Серёжка уже несколько раз подходил к отцу, но основной блок везде перегревался, и они с Собакиным уж и не знали, куда его пристроить. Мужчины больше не ползали по чертежам, а сидели на полу и дымили. Кудрявый голубой дым плыл по комнате, словно облака в небе.

— Папа, — снова позвал мальчик, — а вы его в речку! Там воды много, ему прохладно будет.

Отец рассеянно посмотрел на сына:

— Кому прохладно будет?

— Блоку вашему.

— Блок — в речку?.. Ха-ха-ха! — зашёлся от смеха Собакин. — Ай да Сергей! Ай да Валентиныч!.. Вот решение проблемы! Вода! Габариты нас не поджимают.

Теперь смеялись все. Серёжа радовался, что помог взрослым пристроить основной блок, а они, что решение оказалось таким гениально простым.

— Дёшево и сердито!.. Посчитаем! — и снова две головы склонились над исчёрканными листами.

Мальчик ещё потоптался возле них и понял, что его мечта побыть с папой в воскресенье не сбудется.

— Ты погуляй один, сын! — попросил папа. — Понимаешь, вроде что-то наклюнулось. Надо проверить. А?.. Погуляешь?

— Ладно, — Серёжа опустил голову, стараясь изо всех сил сдержать предательские слёзы, которые уже щипали глаза.

— Только в лужи не лезь, — обрадовался папа. Он провел ладонью по жёсткой щётке волос сына, отдёрнул руку, словно укололся. Но знакомая шутка на этот раз не рассмешила мальчика. — Оденься потеплее. Рукавички, знаешь, где лежат?

— Знаю. Мама показывала.

Серёжа одевается медленно, быстро он ещё не научился. Он натянул тёплые брючки, но застроченные «стрелки» почему-то оказались сзади. Чёрный свитер одевался легко. Мальчик втискивается в него головой и на секунду замирает. Он воображает, что это — пещера, подземелье, откуда только три выхода: главный — шире и короче, — для головы, и два длинных, узких тесных коридора — для рук. Главное, их не перепутать. Серёжка дожидается, пока глаза начинают различать тонкие лучики, которые пробиваются сквозь мелкие щёлки «породы», и осторожно двигается вперёд. Вот и конец пути. Яркий свет он ощущает обеими макушками, и торопится освободить глаза, нос и подбородок. Руки тоже благополучно одолели свои проходы.

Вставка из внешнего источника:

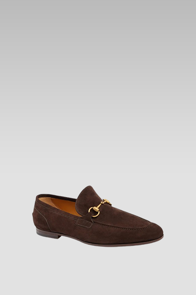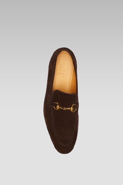 The Gucci Jordan Loafer in Brown Suede shoes are stylish and luxurious. The shoes are crafted with premium quality suede, offering an elegant and comfortable wearing experience. These shoes’ striking brown colour and sleek design make them a versatile and fashionable choice for all special occasions or casual wear.
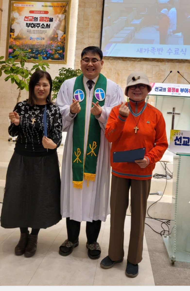 얼마전 김포지역에서 사역을 내려놓으신 김선임 전도사님과 신순희 사모, 그리고 곧 태어날 아이까지 모두 네 사람 뿐이었습니다.
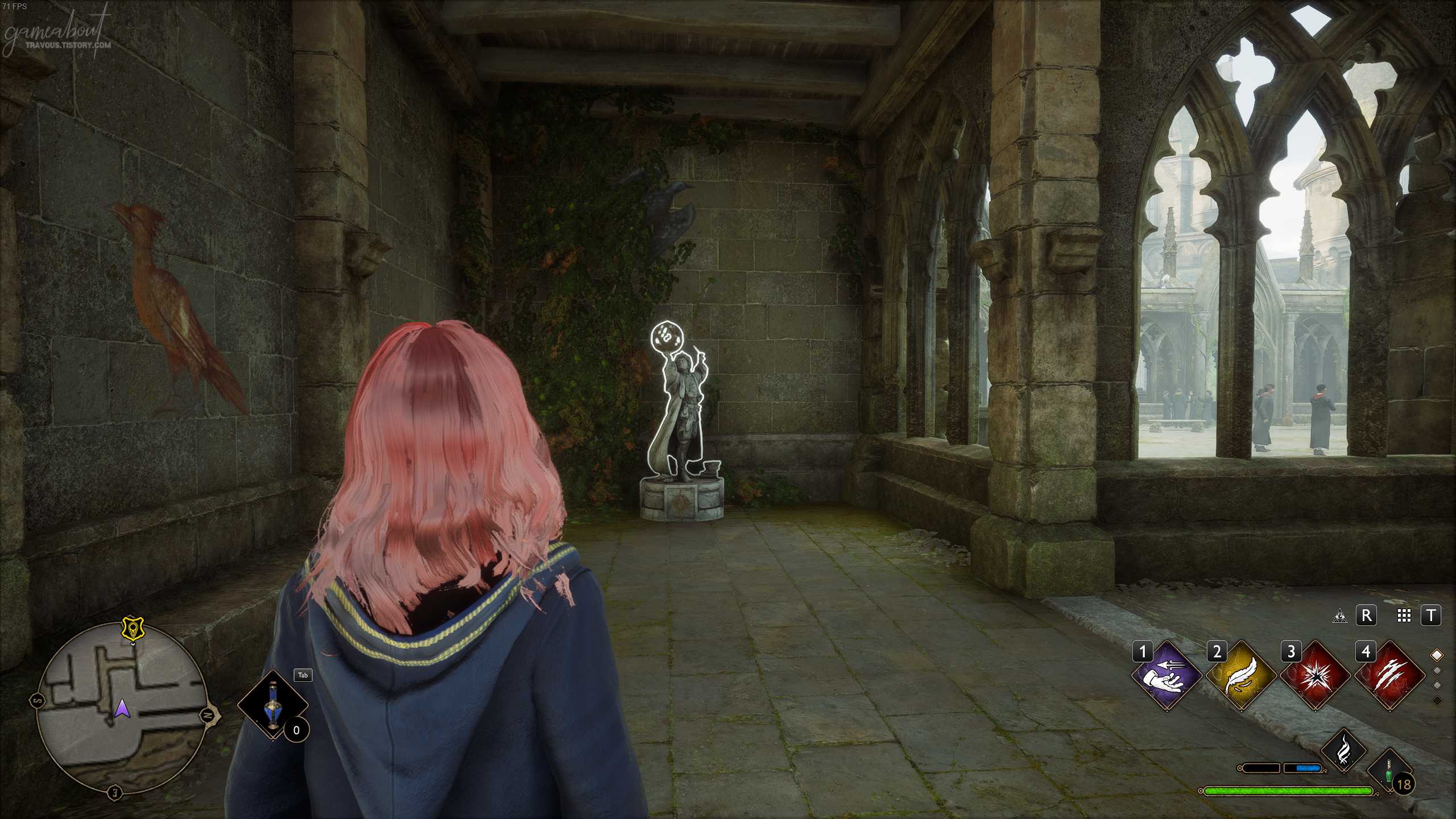 연회장 플루 불꽃으로 이동 후 서쪽에 있는 문을 통해 연회장 외부로 나가면 가고일 석상이 보일텐데 앞에서 레벨리오 주문을 사용하면 하품하는 가고일 필드 가이드 페이지를 찾을 수 있다.
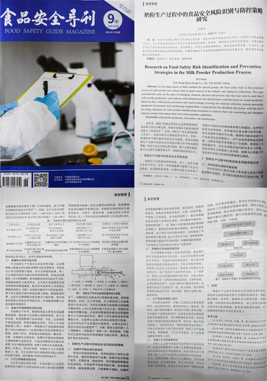 近日,伊犁那拉乳业集团无限公司董事长台艳杰的学术论文《奶粉出产过程中的食物平安风险识别取防控策略研究》正在《食物平安导刊》2025年9月(中)第19卷正式颁发。该论文系统梳理了奶粉出产各环节可能存正在的生物性、化学性、物及过程性风险类型,并提出了笼盖原料采集、工艺加工、设备取仓储运输的全过程防控策略。这项研究不只为奶粉出产企业完美风险监测取应急措置系统供给了适用参考,也展示了那拉集团正在奶粉平安出产手艺范畴的深挚堆集。
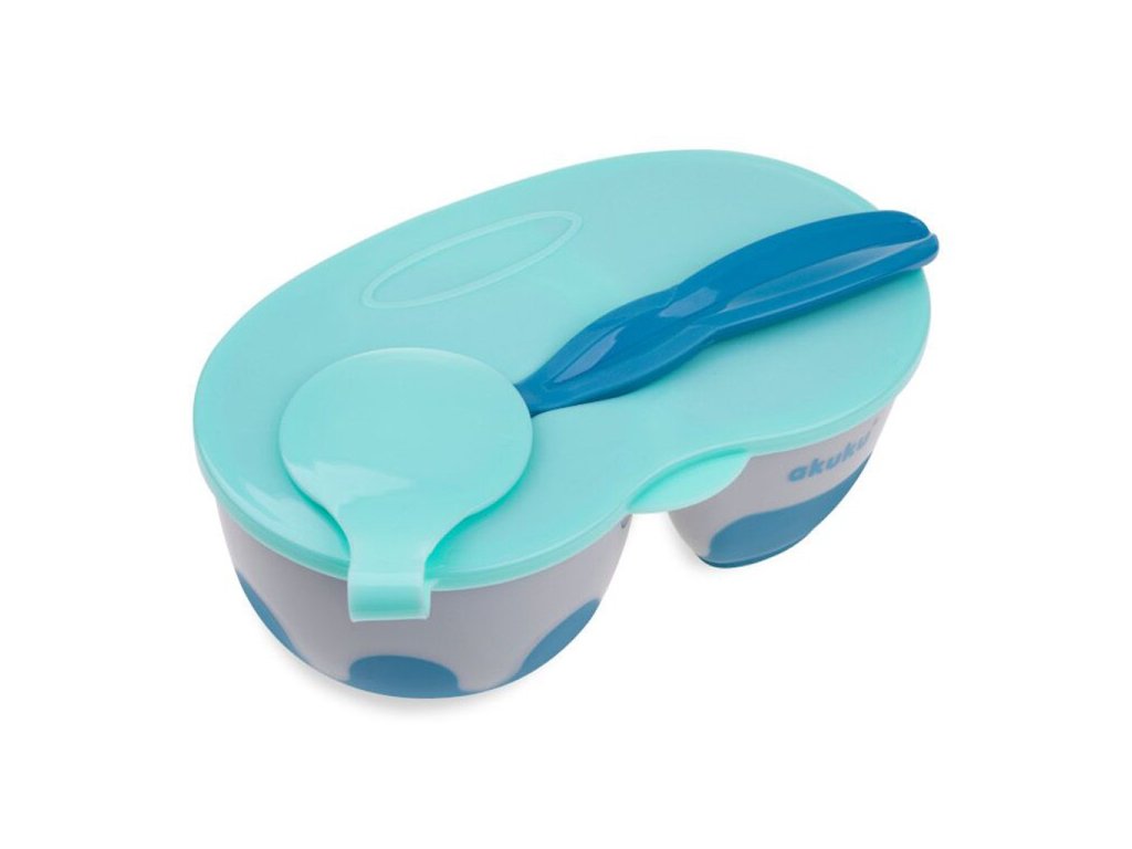 Dětská dvoukomorová miska se lžičkou Akuku. Tato dokonalá dětská jídelní sada se pyšní ergonomickým provedením, které vyhovuje potřebám našich nejmenších dětiček. Je výborným pomocníkem při získávání nových zkušeností se správným stolováním.
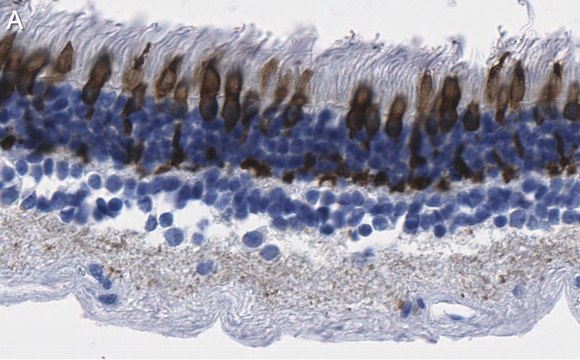 Affinity Binding Assay: A representative lot of this antibody bound Green/Red Opsin with a KD of 3.4 x 10-7 in an affinity binding assay.
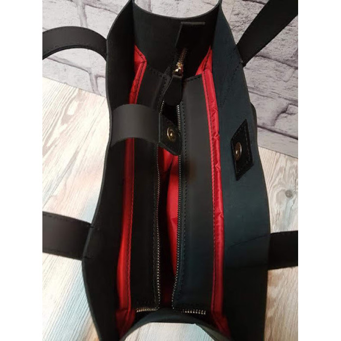 Сумка жіноча "ГАРДА" натуральна шкіра, чорна матова з червоною підкладкою
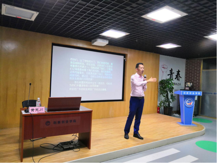 黄克川为同学们带来“创业燃烧激情,实践铸就成功”主题分享讲座,他用平实、质朴的语言讲述了自己坎坷荆棘、从无到有十几年的经历,以及对成功、对人生的感悟。他2001年从母校毕业后碾转做过多份业务员工作,卖过保健品、家具、牙刷,一无所成;再次在多家办公家具公司做业务,业绩不佳,艰苦的工作环境,每月却拿着微薄的薪水。2007年他毅然辞职开始创业,怀着4万元,与同学合伙创业,当时电子产品(MP3)热潮来到,一边做钮扣一边做电子产品。责任与担当把他逼到绝境,唯有破釜沉舟自己开辟一番天地。从一个人的单打独斗,到2013年的成立广州三科钮扣有限公司,再到2018年完成销售额3300万人民币。目前公司主要有BURBERRY,COACH,C&A等客户的订单,在行业内有较强的竞争优势,在国内外业界都有相当知名度。
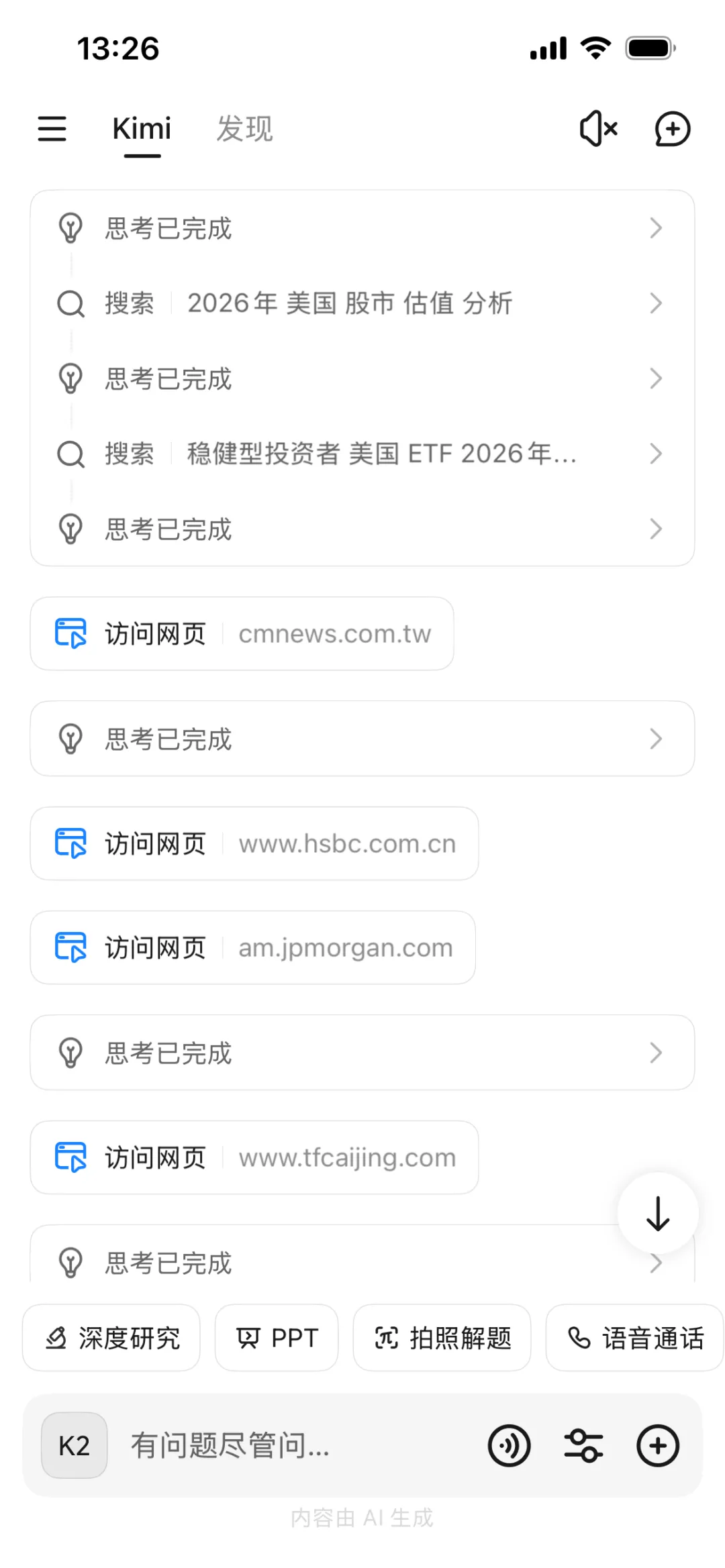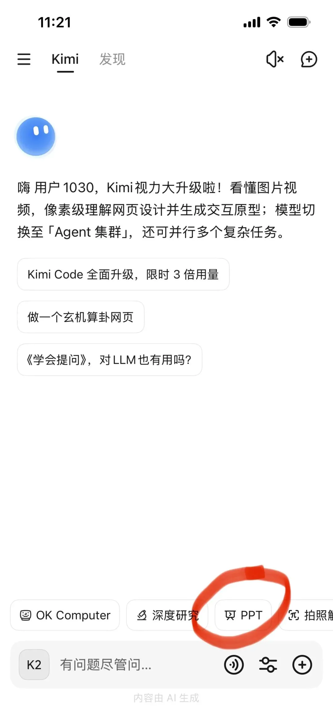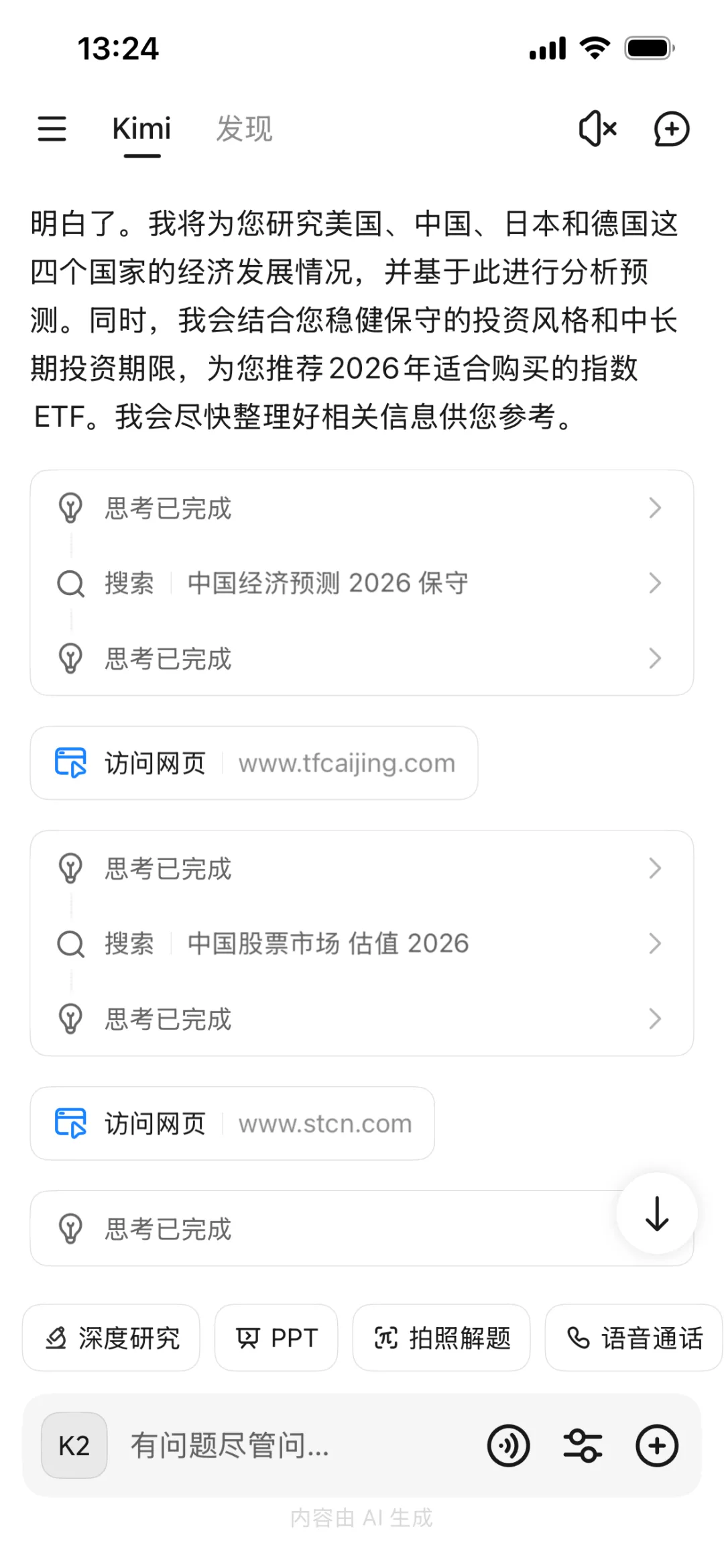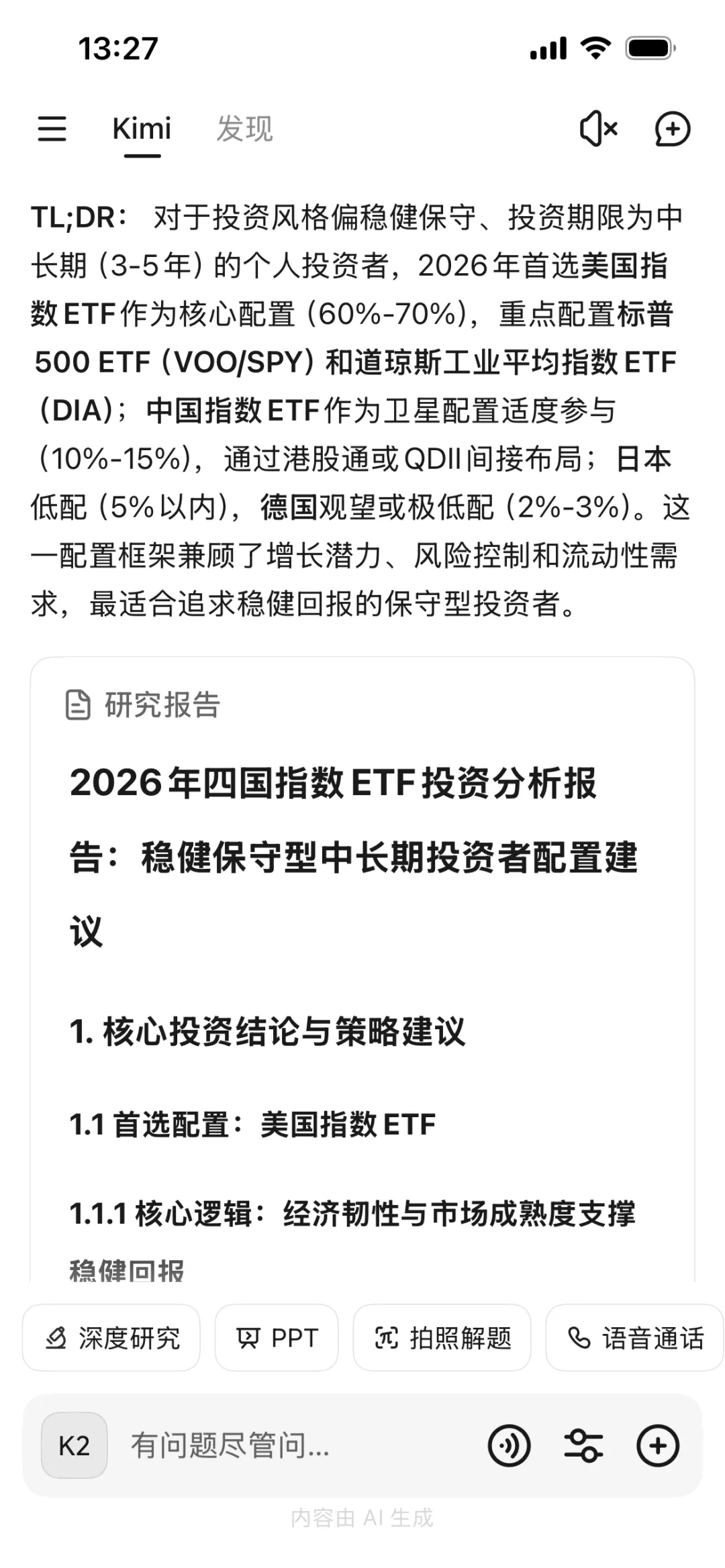 打开Kimi APP,还没输入问题呢就发现了“PPT”按键。果然,Kimi已经升级到2.5版了,早不是去年那个找不到“一键生成PPT”的Kimi啦。按压住自己激动的内心,先问问Kimi要不要买德国ETF吧。

Шапка надевается совсем просто: ухо — на ухо, и узелок — под подбородком.

Пуговицы на пальто поддаются с трудом. Они упираются, увертываются, и мальчик никак не может накинуть на них петли.

Наконец, он справляется с двумя и решает, что этого вполне достаточно…

***

Серёжа идёт по «своей» улице, по длинному, потемневшему от времени, выщербленному тротуару, из-под которого выбивается буйная трава. Сейчас осень, и трава начала желтеть и жухнуть.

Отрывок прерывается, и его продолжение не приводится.